# AIM OF THE EXERCISE:
Beneath this line sits some data. Return only its lines from the one holding "One millimeter is" through the one holding "6月12日(月)7限、3年4", inclusive, exactly, with the images removed.

Data extracted from a collection:
____________________
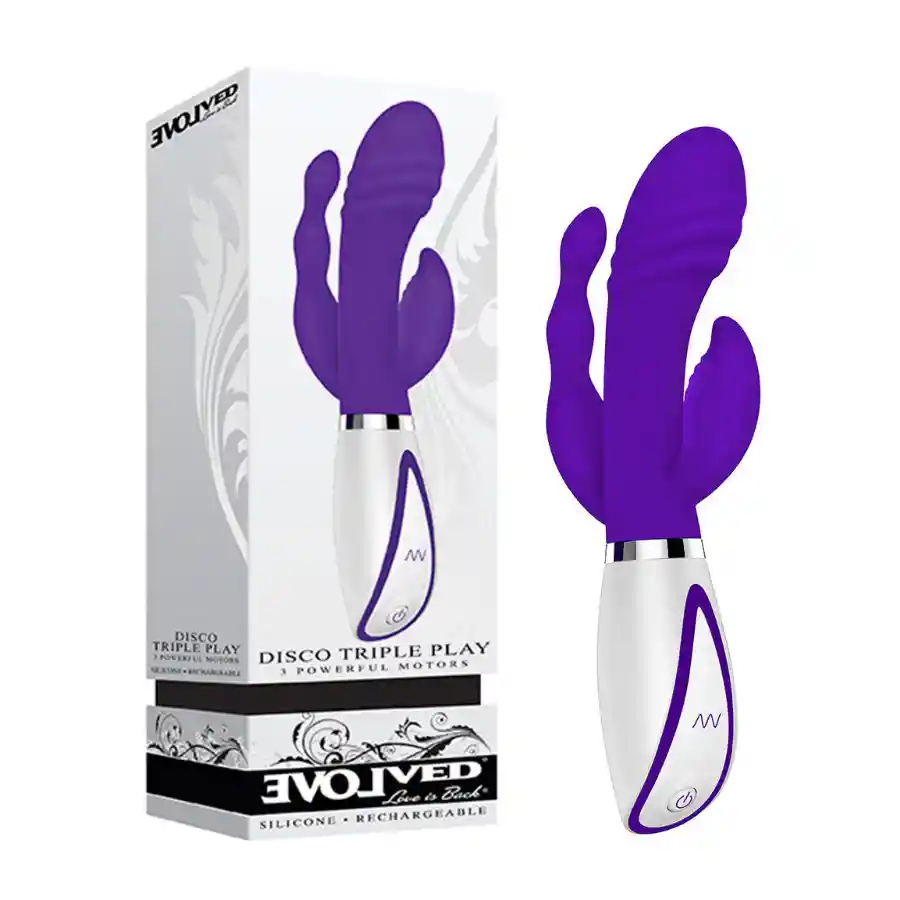 El Vibrador Triple Play Morado Evolved estimula clítoris, punto G y ano de manera simultánea para lograr el mayor clímax de la vida. Cuenta un solo botón de control para sus tres motores, que pueden funcionar a la vez o separados, para que explore la satisfacción completa de este trío de estímulos. Además, su segundo botón tiene 8 sorprendentes modos de vibración que generarán un cosquilleo en cada eje y podrá usarse en ducha o en baño, ya que, este juguete es completamente sumergible. Características: • Juguete de triple estimulación • 8 modos de vibración • Tres motores funcionales • Material: Silicona grado médico + ABS • Medidas: Longitud: 22, 2 cm. Longitud insertable: 12 cm. Diámetro: 4, 4 cm. • Longitud del estimulador de clítoris: 5, 1 cm • Longitud del estimulador anal: 8, 2 cm Diámetro del estimulador anal: 1, 9 cm • Batería recargable por medio de cable USB tipo plug (Adaptador de corriente no incluido) • Tiempo de carga: 2.5 horas • Tiempo de uso continuo: 45 – 120 minutos • Resistencia al agua: Ipx7: Resistente al agua. Protege hasta 1 metro de profundidad por no más de 30 minutos • Peso: 300 Gr Garantía: 1 año Limpieza y cuidado: Es ideal que el uso de este juguete sea con lubricantes a base de agua. No se deben usar lubricantes de silicona. Limpiar antes y después de cada uso con un limpiador de juguetes y un paño suave que no desprenda material. Confidencialidad: Somos 100% discretos, tu envío llegará en una caja negra completamente envuelta.
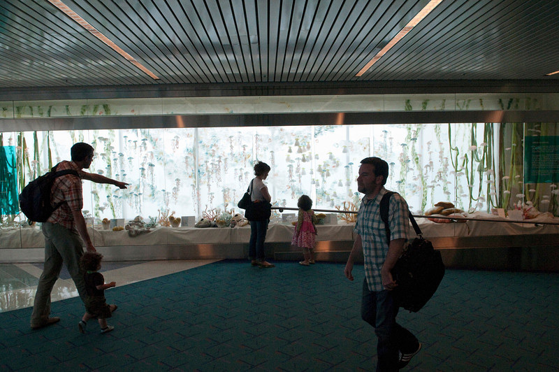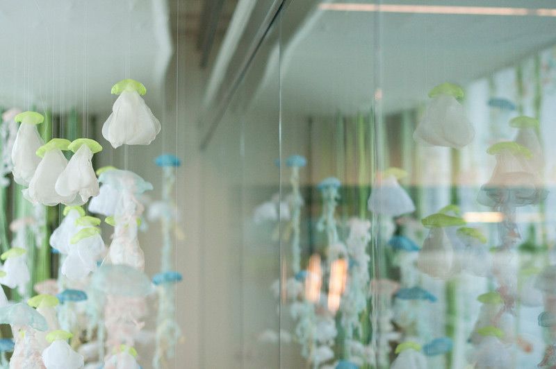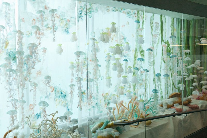 Η Sayuri έφτιαξε την εγκατάσταση με το όνομα Urban Aquarium (Αστικό ενυδρείο) στο αεροδρόμιο του Πόρτλαντ, Όρεγκον. Ο βυθός της αποτελείται από κοράλια και μέδουσες που έχει φτιάξει η ίδια από υφάσματα κι άλλα αδιάβροχα υλικά. Οι επισκέπτες του αεροδρομίου σταματούν μπροστά στο έργο της κι ηρεμούν παρατηρώντας την ποικιλομορφία, την ομορφιά, τη ζωντάνια του βυθού της. Να μια τέχνη που ησυχάζει, που ανακουφίζει, που μαγεύει. Όσοι ετοιμάζονται να πετάξουν έχουν ανάγκη απ’ τη γαλήνη αυτής της υπόγειας πτήσης.
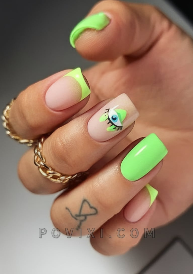 The latest nail set takes the french tip look to the next level by combining electric green tips with bold graphic eyes on an overall nude base. The mani design is for those who love creative, edgy artwork combined with fun details. This nail design is a perfect fit for the trends of 2025, as it meets both design protocol statements for trend-forward nail enthusiasts. The square nails create order through their shape, while the vibrant design expresses personality.
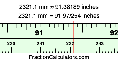One millimeter is equal to 5/127 inches, and 2321.1 as a fraction is 23211/10. Therefore, to get the fractional answer to 2321.1 mm in inches, we multiply 23211/10 by 5/127 and simplify if necessary.
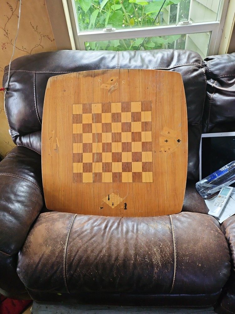It's a nice game table made in 40s or 50s it looks cracked but it's just the clear coat that has aged and easily removed and spray or brush new clear coat there recently has some darkening due to sitting on concrete in storage but alittke sanding and maybe bleaching dark area great project legs are in perfect condition solid table its a beautifully made game table inlay is great. Once clear coat is removed it will look great .if ask i can explain how to do it
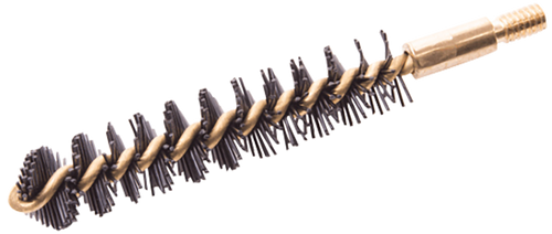 This 12 gauge bore brush features a brass core with nylon bristles designed for effective firearm cleaning and maintenance. The brush measures 7.8 inches in length with a 2.7 inch width, making it suitable for standard shotgun barrel cleaning. Nylon bristles provide reliable cleaning action without damaging bore surfaces.
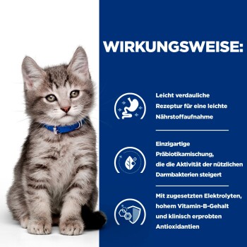 - Zur Verringerung von Verdauungsstörungen bei Kätzchen und zur Förderung eines gesunden Kotabsatzes
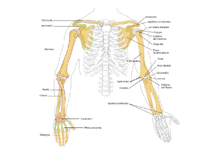 ESQUELETO HUMANO Consta de 206 huesos: -26 en la columna vertebral - 8 en el cráneo - 14 en la cara - 6 en el oído -1 hueso Hioides - 25 en el tórax - 64 en los miembros superiores - 62 en los miembros inferiores
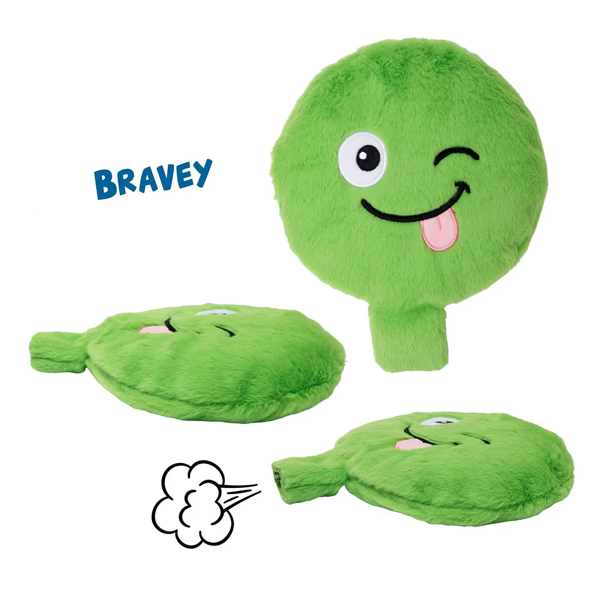 Perna de pluș "Bravey" este mai mult decât o jucărie - este un companion plin de personalitate! Cu un design vesel și o expresie năzdrăvană, Bravey îi încurajează pe copii să fie curajoși și să se exprime liber. La fiecare apăsare, perna scoate un sunet amuzant de pârț care provoacă hohote de râs și creează momente de joacă memorabile.
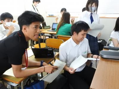 6月12日(月)7限、3年4組のRS探究Ⅱの授業で、サイエンスディベートが行われました。愛媛大学留学生が9名来校し、生徒と共にディベートの流れに沿って、賛成派と反対派の2教室に分かれて議論を行いました。来週も実施予定ですので、愛媛大学留学生との関わりを通して、科学的論題について深く思考し、根拠を持って英語で述べていけるよう頑張ってほしいと思います。
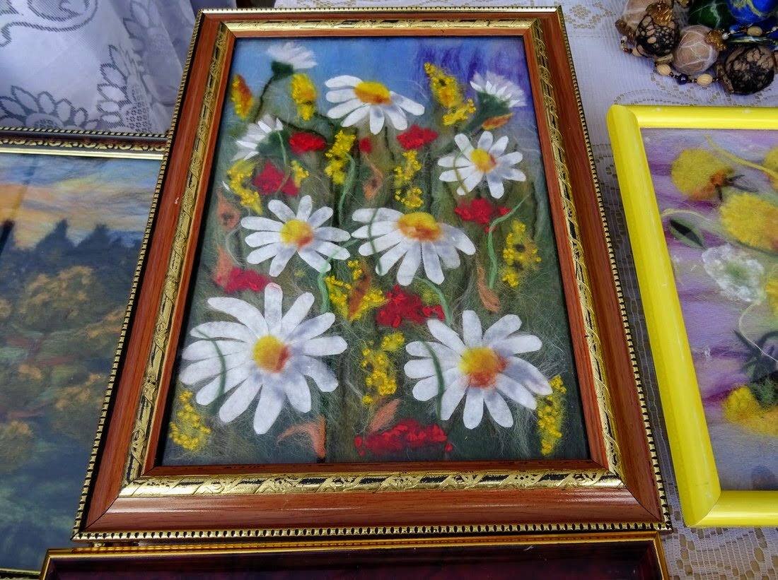 Валяние из шерсти было популярно много веков назад, но и сегодня эта техника весьма распространена среди рукодельниц. В последние годы часто встречаю всевозможные изделия и картины, выполненные в технике фелтинга. Современное валяние отличается не только богатством красок, но и оригинальными сюжетами. Недавно вновь была на выставке народных промыслов и сфотографировала массу интересных работ. Посмотрите на эти прелестные ромашки, они словно живые. Все картины были под стеклом. Ведь шерсть не любит даже малейшего дуновения ветра, когда любая картина может потерять изначальный вид. По одной из версий считается, что этот вид рукоделия пришёл к нам вместе с монголо-татарским игом. Тогда в основном изготавливали сукно и войлок, используемый в хозяйстве. В таких сапожках зимой будет не только тепло и комфортно, но и очень стильно :-) В давние времена шерстью утепляли дома, а малыши предпочитали играться именно с валяными игрушками, в которые могли прятать секреты. Мне понравились и вот такие
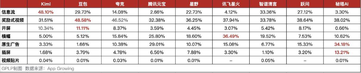 因為各家AI廠商在營銷策略上都有想法,各家挖金用的“鏟子”自然各式各樣,一方面體現的是各家AI公司在廣告形式上各有側重。
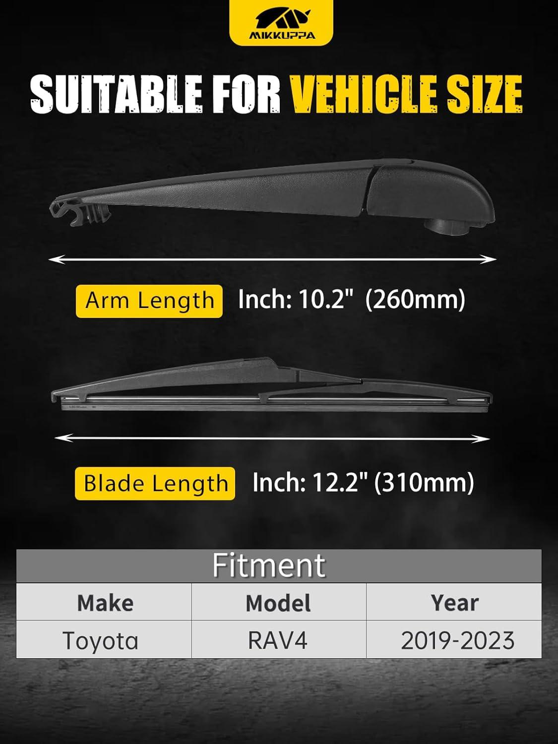 Rear Wiper Arm Blade, Compatible with 2004-2009 Dodge Durango, 2007-2009 Chrysler Aspen – MIKKUPPA Back Windshield Wiper Assembly Replacement – All Season Natural Rubber Cleaning Window(Replacement for Toyota RAV4 2019-2023)
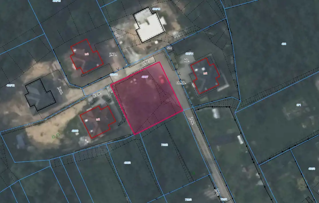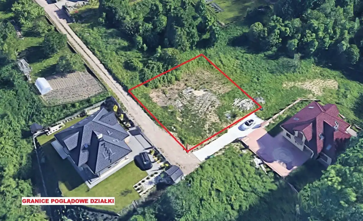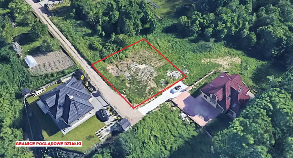 Działka w kształcie kwadratu, o wymiarach ok. 25 x 25 m, w sąsiedztwie nowej zabudowy jednorodzinnej i lasu.
____________________
# SOLUTION FOR THIS TASK:
One millimeter is equal to 5/127 inches, and 2321.1 as a fraction is 23211/10. Therefore, to get the fractional answer to 2321.1 mm in inches, we multiply 23211/10 by 5/127 and simplify if necessary.
It's a nice game table made in 40s or 50s it looks cracked but it's just the clear coat that has aged and easily removed and spray or brush new clear coat there recently has some darkening due to sitting on concrete in storage but alittke sanding and maybe bleaching dark area great project legs are in perfect condition solid table its a beautifully made game table inlay is great. Once clear coat is removed it will look great .if ask i can explain how to do it
 This 12 gauge bore brush features a brass core with nylon bristles designed for effective firearm cleaning and maintenance. The brush measures 7.8 inches in length with a 2.7 inch width, making it suitable for standard shotgun barrel cleaning. Nylon bristles provide reliable cleaning action without damaging bore surfaces.
 - Zur Verringerung von Verdauungsstörungen bei Kätzchen und zur Förderung eines gesunden Kotabsatzes
 ESQUELETO HUMANO Consta de 206 huesos: -26 en la columna vertebral - 8 en el cráneo - 14 en la cara - 6 en el oído -1 hueso Hioides - 25 en el tórax - 64 en los miembros superiores - 62 en los miembros inferiores
 Perna de pluș "Bravey" este mai mult decât o jucărie - este un companion plin de personalitate! Cu un design vesel și o expresie năzdrăvană, Bravey îi încurajează pe copii să fie curajoși și să se exprime liber. La fiecare apăsare, perna scoate un sunet amuzant de pârț care provoacă hohote de râs și creează momente de joacă memorabile.
 6月12日(月)7限、3年4組のRS探究Ⅱの授業で、サイエンスディベートが行われました。愛媛大学留学生が9名来校し、生徒と共にディベートの流れに沿って、賛成派と反対派の2教室に分かれて議論を行いました。来週も実施予定ですので、愛媛大学留学生との関わりを通して、科学的論題について深く思考し、根拠を持って英語で述べていけるよう頑張ってほしいと思います。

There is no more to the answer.